Der Boden sollte tiefgründig und nährstoffreich sein, um eine gute Wurzelbildung zu fördern.
Die beste Pflanzzeit liegt zwischen März und Mai oder von September bis Ende November, sofern der Boden nicht gefroren ist.
Achte beim Pflanzen darauf, das Pflanzloch doppelt so groß wie den Wurzelballen auszuheben.
In den ersten Standjahren solltest du bei sommerlichen Hitzeperioden regelmäßig wässern.
Ein Rückschnitt ist nicht zwingend erforderlich, kann aber im Spätwinter zur Formgebung erfolgen.
Die Vermehrung kann über Steckhölzer im späten Herbst versucht werden.
Da die Pflanze nicht als kindersicher eingestuft wird, empfiehlt sich ein Standort abseits von Spielflächen.

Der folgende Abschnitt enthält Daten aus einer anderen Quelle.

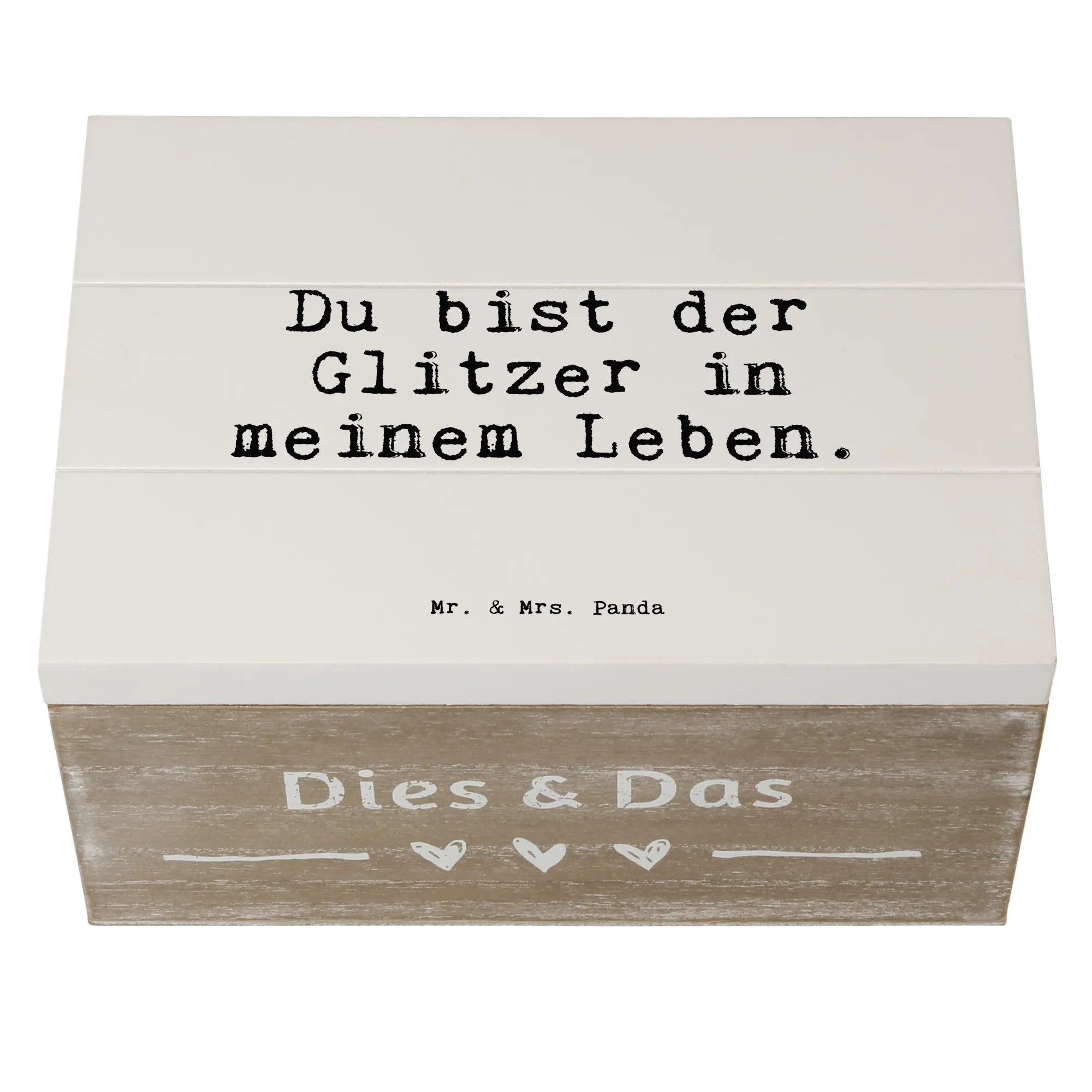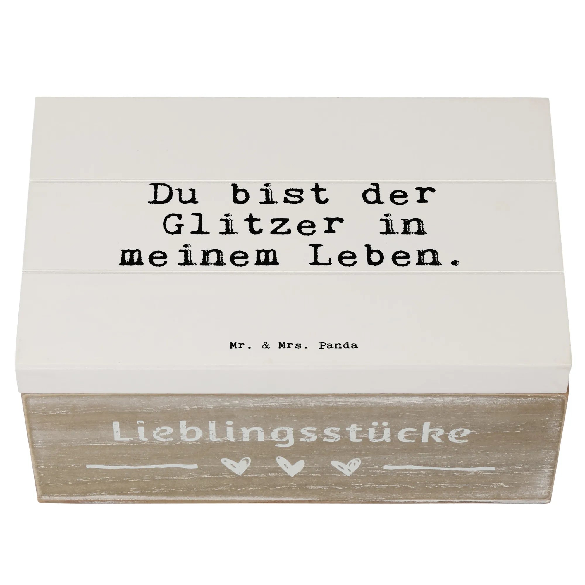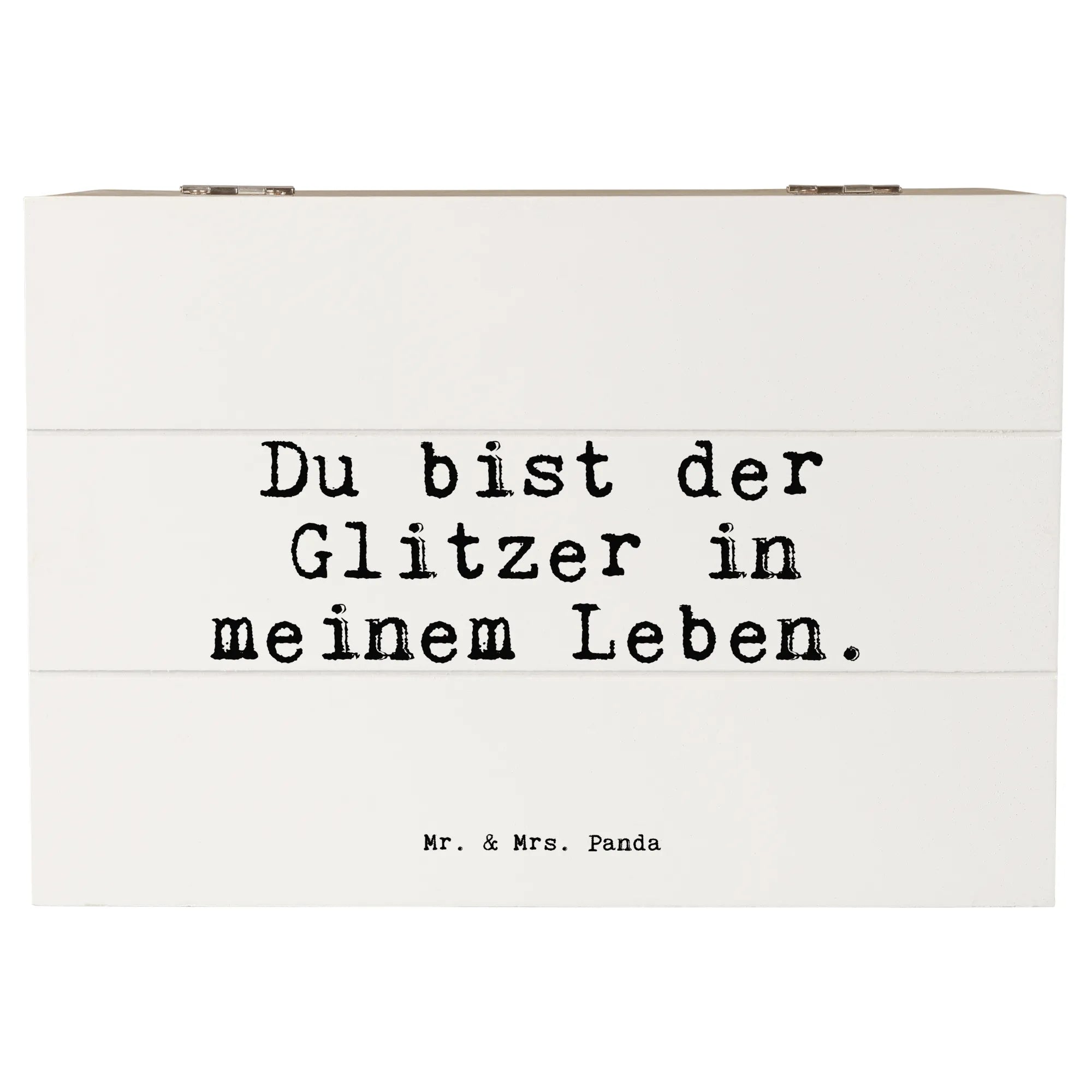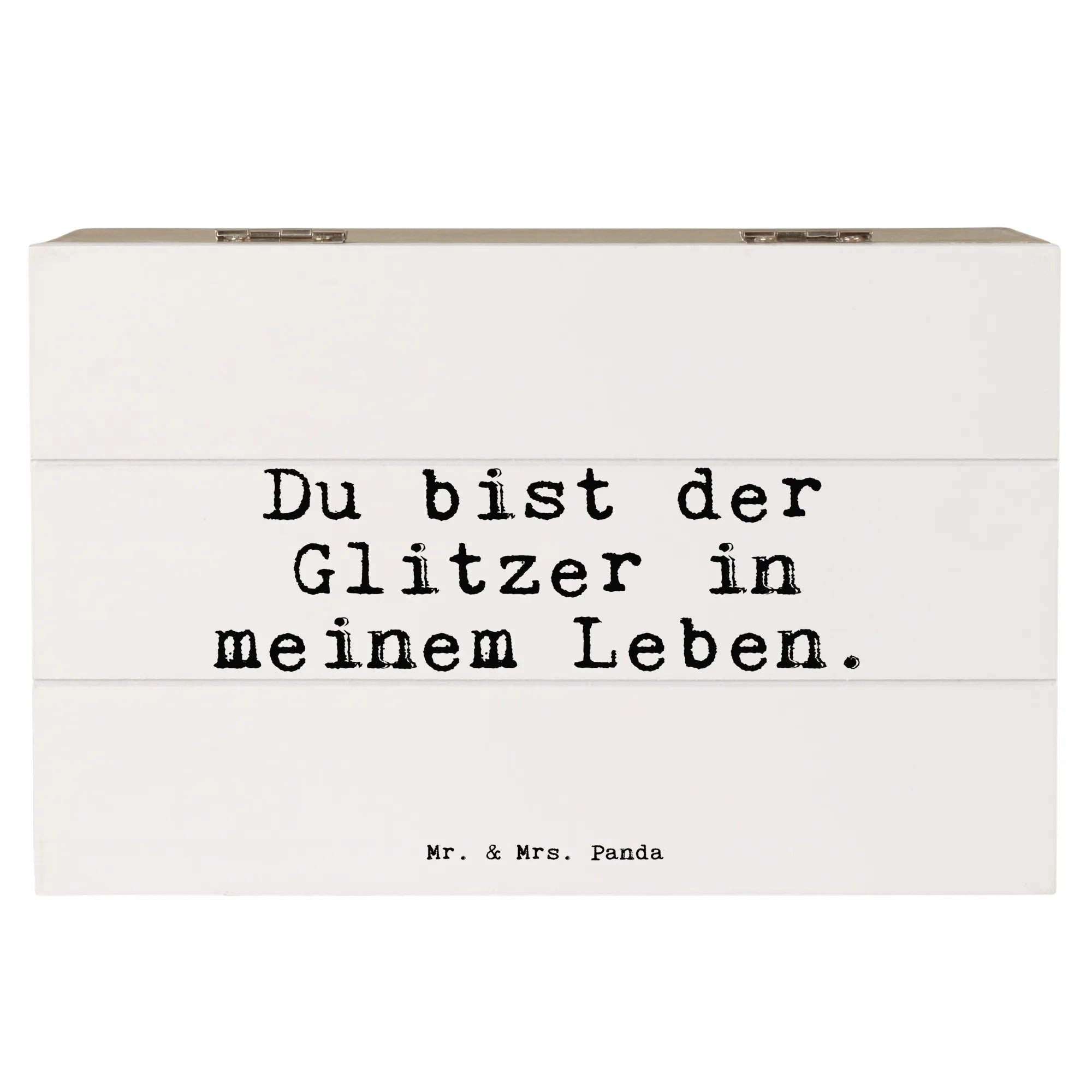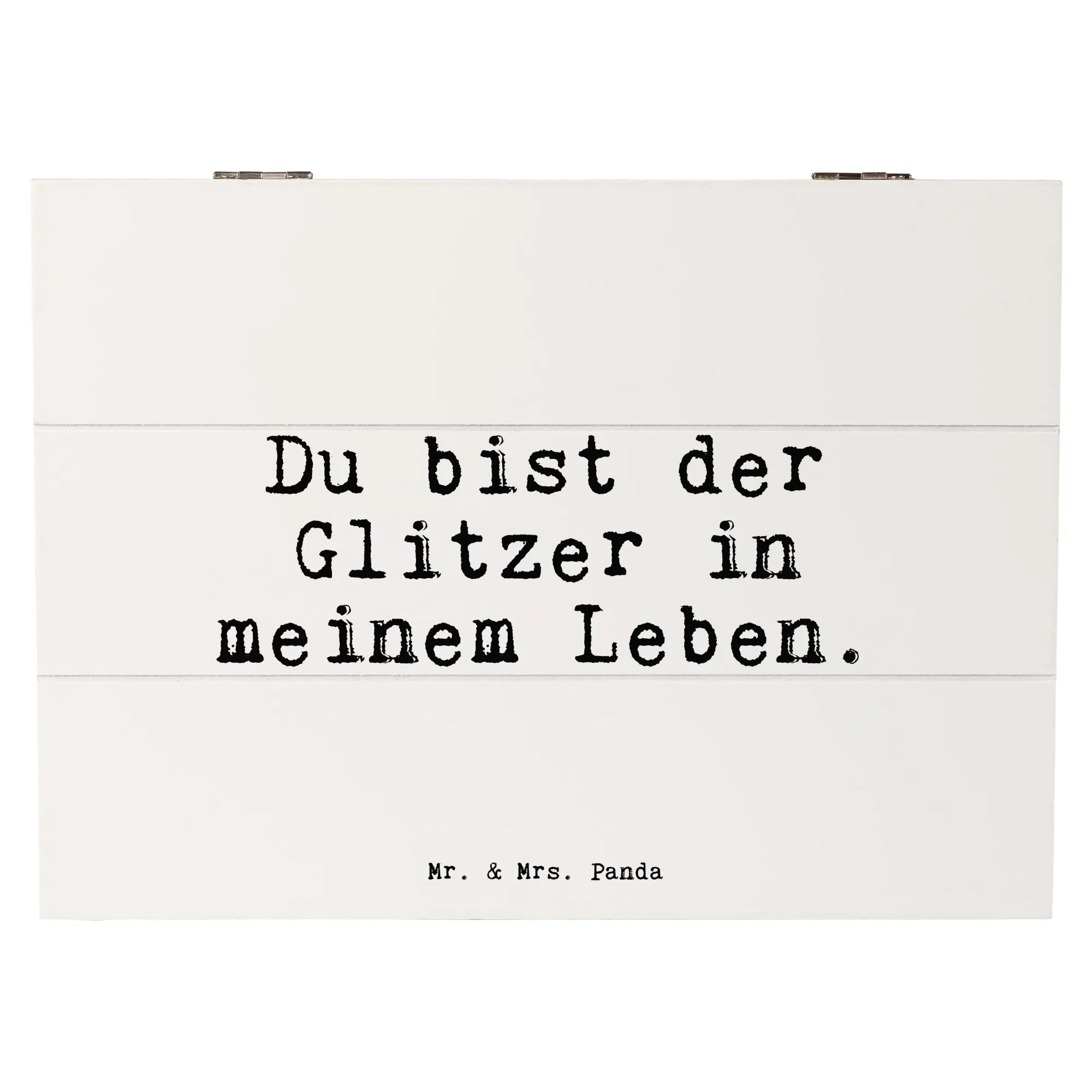 Suchst Du nach einem ganz besonderen Geschenk? Dann ist die Holzkiste "Du bist der Glitzer in meinem Leben" von Mr. & Mrs. Panda genau das Richtige! Diese wunderschöne Kiste ist nicht nur eine praktische Aufbewahrungsbox, sondern auch ein echter Hingucker für jeden Anlass.
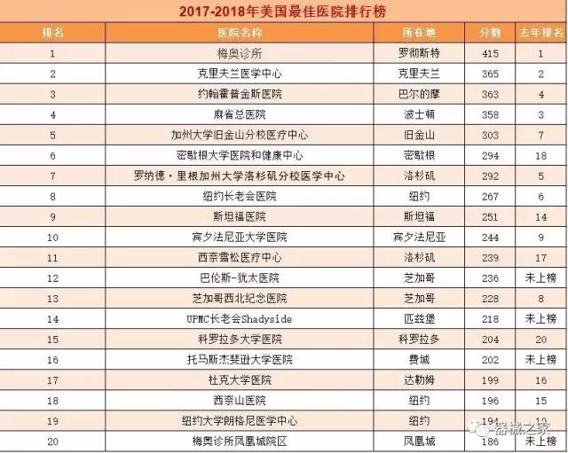 在醫(yī)療界梅奧診所就是傳說中的麥加,世界頂尖的醫(yī)療機構。2017年8月8日,《美國新聞與世界報道》公布了2017-2018美國最佳醫(yī)院排行榜,梅奧診所以415分的總分再次榮登榜首,并在糖尿病和內分泌??啤⑽改c科、婦科、腎臟科、神經??坪屠夏瓴W六個??浦信琶谝弧?/span>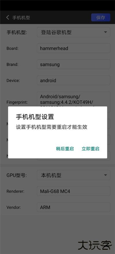 4、在手机机型中选择自己想要设置的虚拟机型,设置完成之后点击保存,然后选择立即重启。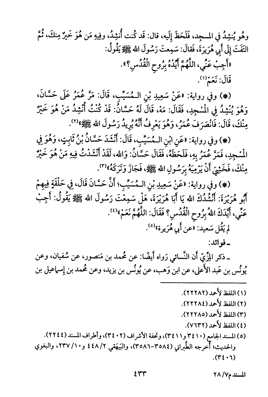 - وفي رواية: «عن سعيد بن المُسَيب؛ أن حسان قال، في حلقة فيهم أَبو هريرة: أنشدك الله يا أبا هريرة، هل سمعتَ رسول الله صَلى الله عَليه وسَلم يقول: أجب عني، أيدك الله بروح القدس؟ فقال: اللهم نعم» (¬٣).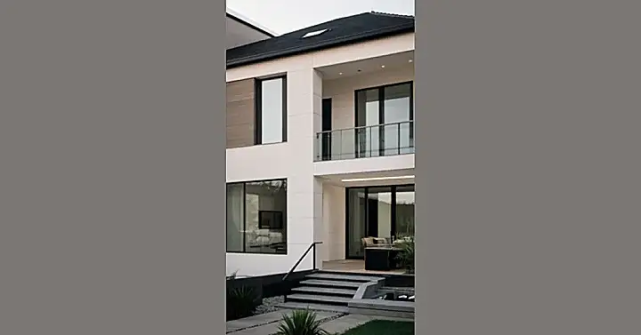This house is like a big, modern puzzle box, with clean lines and simple shapes. It’s all about the cool, calm look – just imagine chilling on the balcony with your friends, enjoying the sunset, and feeling like you’re in a super sleek, minimalist movie! The house is so smooth and stylish, it makes you want to wear your best outfit just to match it!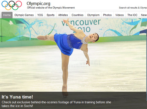 국제올림픽위원회 IOC가 '김연아의 시간이 왔다'며 김연아 경기날에 맞춰 공식 홈페이지 메인을 김연아로 꾸몄다.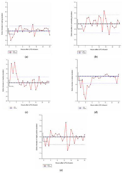 There were significant effects of hour (p < 0.001) and LPS infusion by hour interaction (p < 0.001) on highly active duration in comparison with the control group (Figure 2e). LPS infusion increased the highly active duration of affected within 3 h by 2.90 min/h.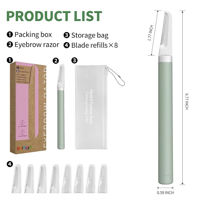 - 【Dermaplaning Razor with Safety Cover】Derloyo’s new and improved exfoliating and dermaplaning tool is everything you need to shape your eyebrows, remove fine facial hairs, and even smoothen your skin. Experience our eye and eyebrow razor designed specifically for women, which removes unwanted hair, exfoliates and gives you a radiant look.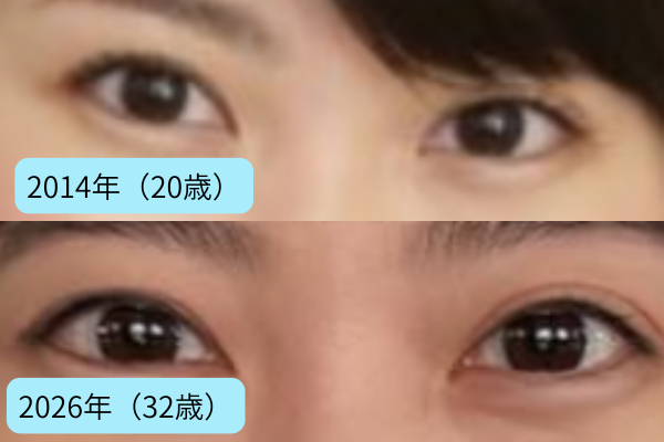 2026年では、二重のラインがややはっきりしたようにも見えますが、目の横幅や目頭の形に大きな変化は見られません。
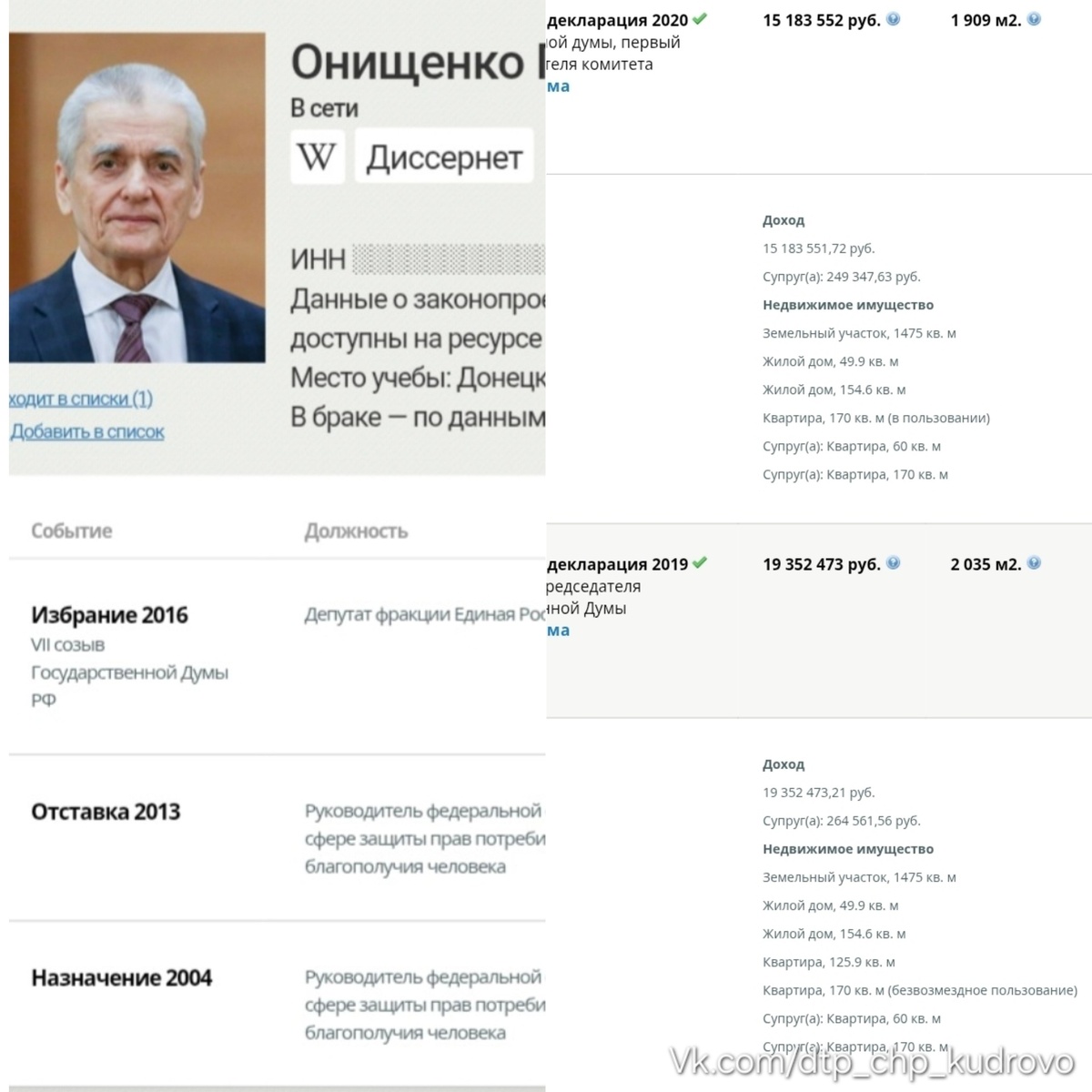 » Народный депутат Геннадий Онищенко решил, что пяти дней в неделю нам маловато, и горячо поддержал идею «шестидневки». Его рецепт счастья прост: работать нужно «на износ». Правда, «износ» у всех выглядит по-разному. Мы заглянули в декларации и выяснили, что сам народный избранник «упахивается» в депутатском кресле за 1,5–2 миллиона рублей в месяц. А чтобы отдыхать от тяжких дум о народе, у него припасена элитная недвижимость на сотни миллионов рублей. Видимо, депутат так сильно устает выдумывать новые рабочие дни, что на меньшее не согласен. ДТП и ЧП Кудрово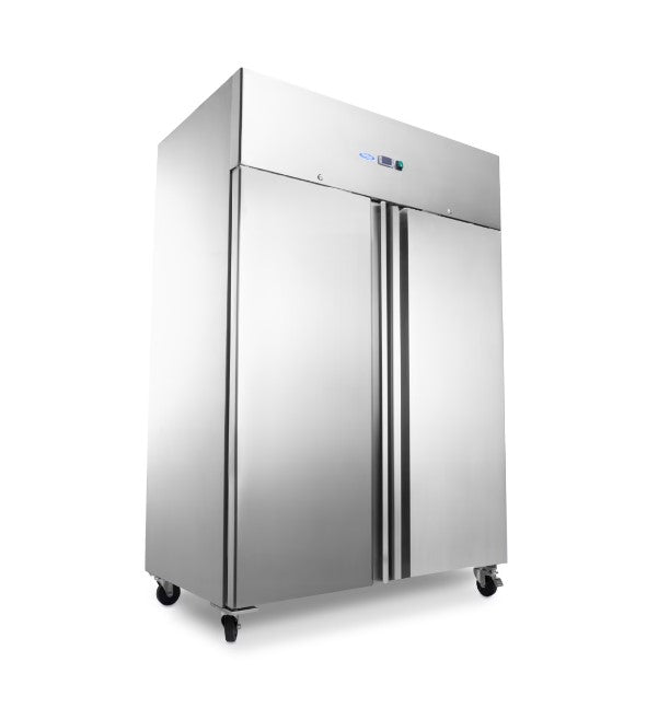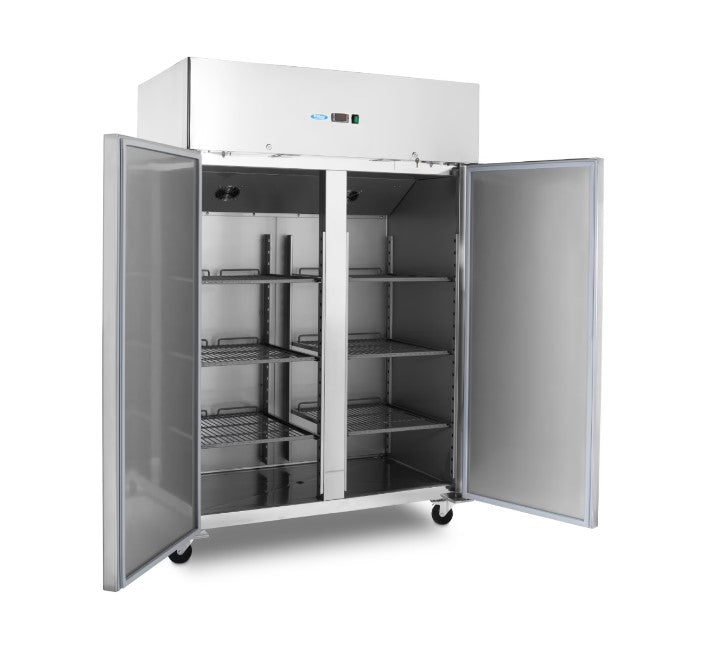 Mangel på køleplads hører fortiden til med dette 1400-liters køleskab i rustfrit stål. De to døre gør det nemt at nå dine produkter og fylde køleskabet. Det har også LED-belysning, som tænder, når du åbner døren.

Eine Mulchschicht aus organischem Material hilft dabei, die Bodenfeuchtigkeit gleichmäßig zu halten.
Gute Partnerin: Die Schwarz-Erle (Alnus glutinosa) passt hervorragend, da beide Arten ähnliche Ansprüche an feuchte Standorte stellen und gemeinsam ein natürliches Bach- oder Teichufervorgelände bilden.
Planera ungeri gehört zur Familie der Ulmengewächse (Ulmaceae) und stellt ein interessantes Bindeglied in der regionalen Flora dar. Ihr natürliches Verbreitungsgebiet liegt in Österreich, wo sie vorzugsweise in feuchteren Habitaten (Lebensräumen) vorkommt. Die Morphologie (äußere Gestalt) ist geprägt durch den charakteristischen Blattbau mit ungleichem Blattgrund, was sie für Kenner der Taxonomie (biologische Systematik) leicht bestimmbar macht. Als sommergrünes Gehölz ist sie perfekt an das mitteleuropäische Klima angepasst.
•GBIF Backbone Taxonomy — GBIF Secretariat (2024), DOI: 10.15468/39omei (CC BY 4.0)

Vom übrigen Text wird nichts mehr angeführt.